* [Problem to solve] In the entries below, which lines run from the one with "lunch breaks |" through the one with "既然要保证旅客在规定时间到达"? Repeat exactly those, both included, and no pictures.
╭─ Extracted entries
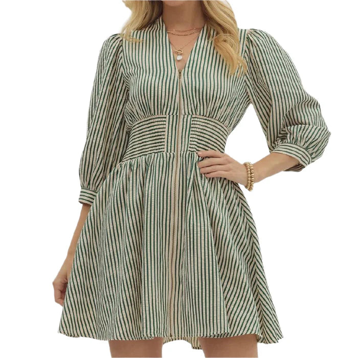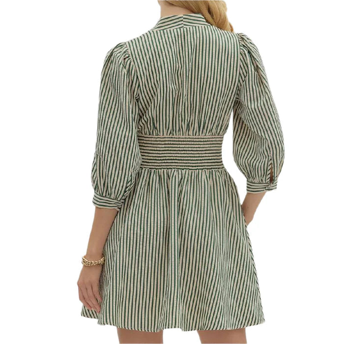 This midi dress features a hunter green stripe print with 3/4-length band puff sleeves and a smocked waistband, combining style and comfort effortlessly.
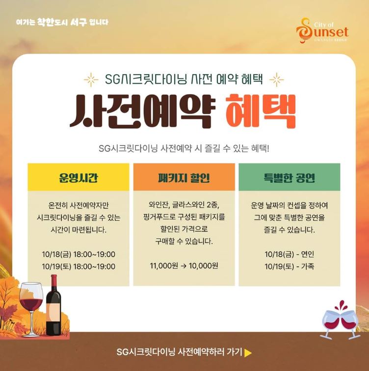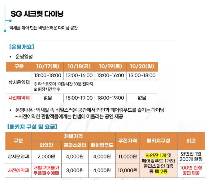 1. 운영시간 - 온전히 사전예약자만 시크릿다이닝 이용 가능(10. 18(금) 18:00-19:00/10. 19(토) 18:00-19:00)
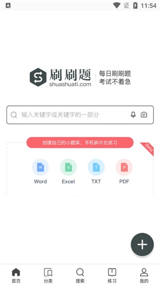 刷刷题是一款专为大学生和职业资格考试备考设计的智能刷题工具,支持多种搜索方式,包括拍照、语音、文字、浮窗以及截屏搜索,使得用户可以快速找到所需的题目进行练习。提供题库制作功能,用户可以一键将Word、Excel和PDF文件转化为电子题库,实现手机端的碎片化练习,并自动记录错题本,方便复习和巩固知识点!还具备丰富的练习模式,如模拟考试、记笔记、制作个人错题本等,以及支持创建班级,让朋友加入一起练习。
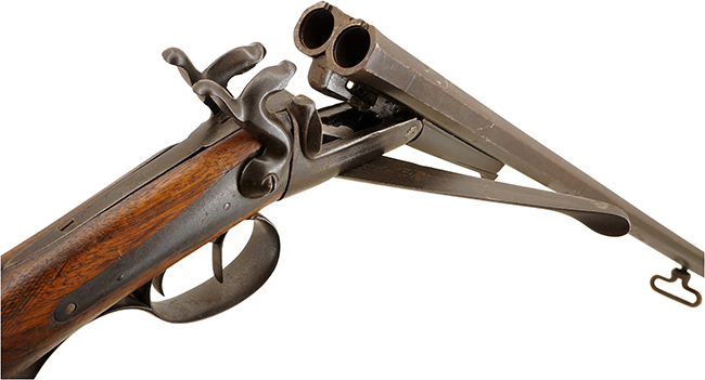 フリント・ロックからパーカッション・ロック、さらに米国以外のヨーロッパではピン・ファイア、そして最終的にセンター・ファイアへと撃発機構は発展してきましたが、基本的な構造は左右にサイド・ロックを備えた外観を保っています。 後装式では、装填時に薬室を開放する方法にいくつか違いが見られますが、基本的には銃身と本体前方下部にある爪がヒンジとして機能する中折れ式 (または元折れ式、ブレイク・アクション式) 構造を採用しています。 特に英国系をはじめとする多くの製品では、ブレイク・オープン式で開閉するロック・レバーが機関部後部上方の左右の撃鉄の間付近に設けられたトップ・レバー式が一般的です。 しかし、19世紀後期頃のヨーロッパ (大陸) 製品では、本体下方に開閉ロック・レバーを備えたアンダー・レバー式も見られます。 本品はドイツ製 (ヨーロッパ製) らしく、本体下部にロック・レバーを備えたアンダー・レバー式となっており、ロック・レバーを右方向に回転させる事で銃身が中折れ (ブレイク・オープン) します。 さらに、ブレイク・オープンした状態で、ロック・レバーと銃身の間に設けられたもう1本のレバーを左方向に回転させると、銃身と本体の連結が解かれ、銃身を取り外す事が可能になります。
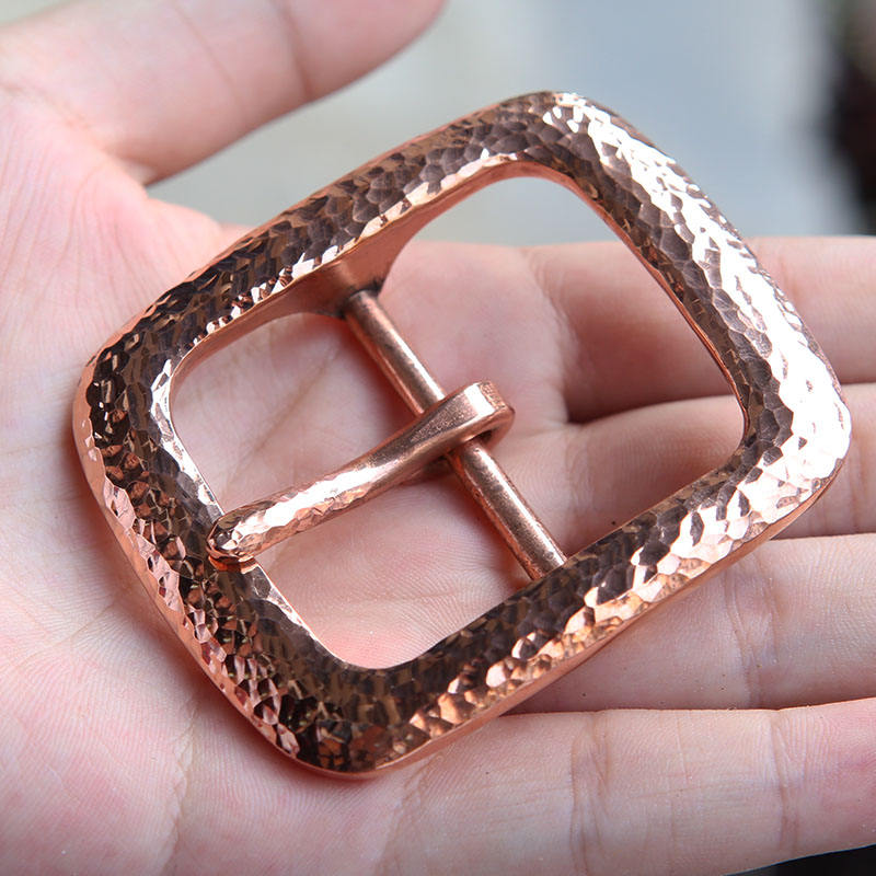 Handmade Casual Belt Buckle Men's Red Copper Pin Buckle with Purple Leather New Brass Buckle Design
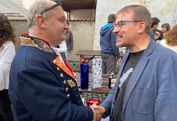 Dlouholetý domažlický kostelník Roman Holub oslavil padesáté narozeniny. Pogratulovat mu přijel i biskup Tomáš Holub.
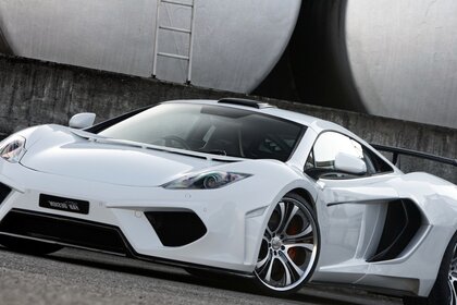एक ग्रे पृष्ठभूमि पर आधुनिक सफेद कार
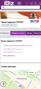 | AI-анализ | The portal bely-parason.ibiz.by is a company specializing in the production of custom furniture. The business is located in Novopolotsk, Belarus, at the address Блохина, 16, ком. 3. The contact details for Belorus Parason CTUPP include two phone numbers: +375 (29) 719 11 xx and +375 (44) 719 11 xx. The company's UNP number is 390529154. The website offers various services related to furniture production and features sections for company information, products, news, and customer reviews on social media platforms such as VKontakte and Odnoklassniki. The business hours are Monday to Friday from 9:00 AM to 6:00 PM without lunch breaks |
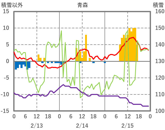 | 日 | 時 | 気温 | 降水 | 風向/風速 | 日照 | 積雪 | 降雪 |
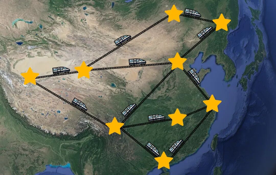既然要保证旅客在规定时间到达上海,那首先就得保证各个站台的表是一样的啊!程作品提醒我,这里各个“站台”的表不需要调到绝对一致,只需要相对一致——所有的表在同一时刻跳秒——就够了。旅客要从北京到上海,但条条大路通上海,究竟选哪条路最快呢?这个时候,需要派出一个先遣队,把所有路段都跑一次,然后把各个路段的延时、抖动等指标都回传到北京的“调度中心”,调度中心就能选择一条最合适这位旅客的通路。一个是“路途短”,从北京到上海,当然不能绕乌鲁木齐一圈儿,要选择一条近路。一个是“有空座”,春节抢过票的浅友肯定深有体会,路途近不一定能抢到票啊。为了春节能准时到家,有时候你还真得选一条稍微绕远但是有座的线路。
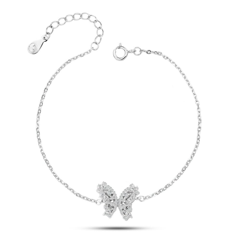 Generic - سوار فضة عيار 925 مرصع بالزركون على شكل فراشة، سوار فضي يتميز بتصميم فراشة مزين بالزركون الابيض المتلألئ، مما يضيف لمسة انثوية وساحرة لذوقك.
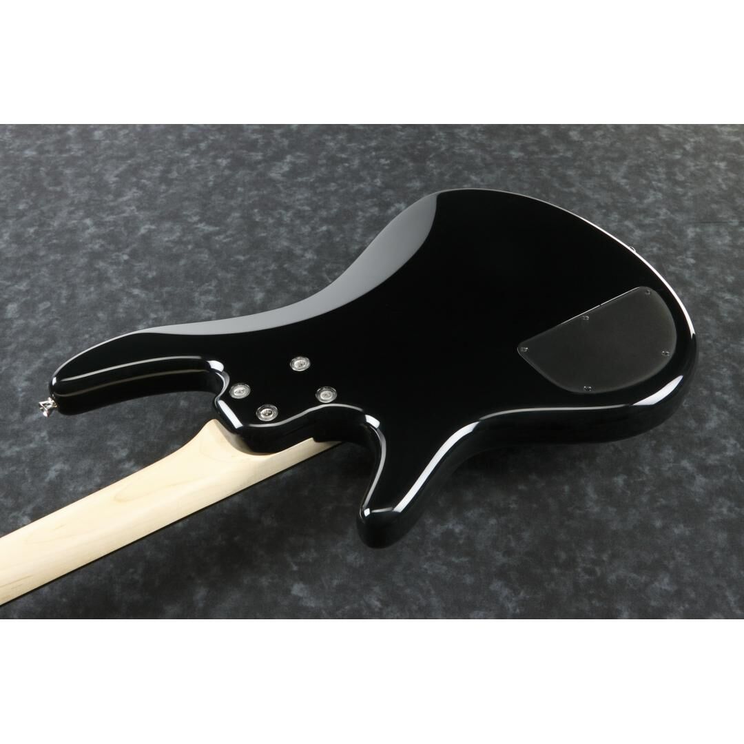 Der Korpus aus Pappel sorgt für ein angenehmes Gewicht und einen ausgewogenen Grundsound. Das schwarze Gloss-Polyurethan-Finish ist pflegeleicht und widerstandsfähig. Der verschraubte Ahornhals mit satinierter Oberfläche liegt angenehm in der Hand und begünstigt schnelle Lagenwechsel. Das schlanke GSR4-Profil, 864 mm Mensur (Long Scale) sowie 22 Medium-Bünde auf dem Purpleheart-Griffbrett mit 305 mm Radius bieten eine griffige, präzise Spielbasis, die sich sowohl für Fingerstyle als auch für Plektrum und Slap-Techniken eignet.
╰─
* [Expected output]
 | AI-анализ | The portal bely-parason.ibiz.by is a company specializing in the production of custom furniture. The business is located in Novopolotsk, Belarus, at the address Блохина, 16, ком. 3. The contact details for Belorus Parason CTUPP include two phone numbers: +375 (29) 719 11 xx and +375 (44) 719 11 xx. The company's UNP number is 390529154. The website offers various services related to furniture production and features sections for company information, products, news, and customer reviews on social media platforms such as VKontakte and Odnoklassniki. The business hours are Monday to Friday from 9:00 AM to 6:00 PM without lunch breaks |
 | 日 | 時 | 気温 | 降水 | 風向/風速 | 日照 | 積雪 | 降雪 |
既然要保证旅客在规定时间到达上海,那首先就得保证各个站台的表是一样的啊!程作品提醒我,这里各个“站台”的表不需要调到绝对一致,只需要相对一致——所有的表在同一时刻跳秒——就够了。旅客要从北京到上海,但条条大路通上海,究竟选哪条路最快呢?这个时候,需要派出一个先遣队,把所有路段都跑一次,然后把各个路段的延时、抖动等指标都回传到北京的“调度中心”,调度中心就能选择一条最合适这位旅客的通路。一个是“路途短”,从北京到上海,当然不能绕乌鲁木齐一圈儿,要选择一条近路。一个是“有空座”,春节抢过票的浅友肯定深有体会,路途近不一定能抢到票啊。为了春节能准时到家,有时候你还真得选一条稍微绕远但是有座的线路。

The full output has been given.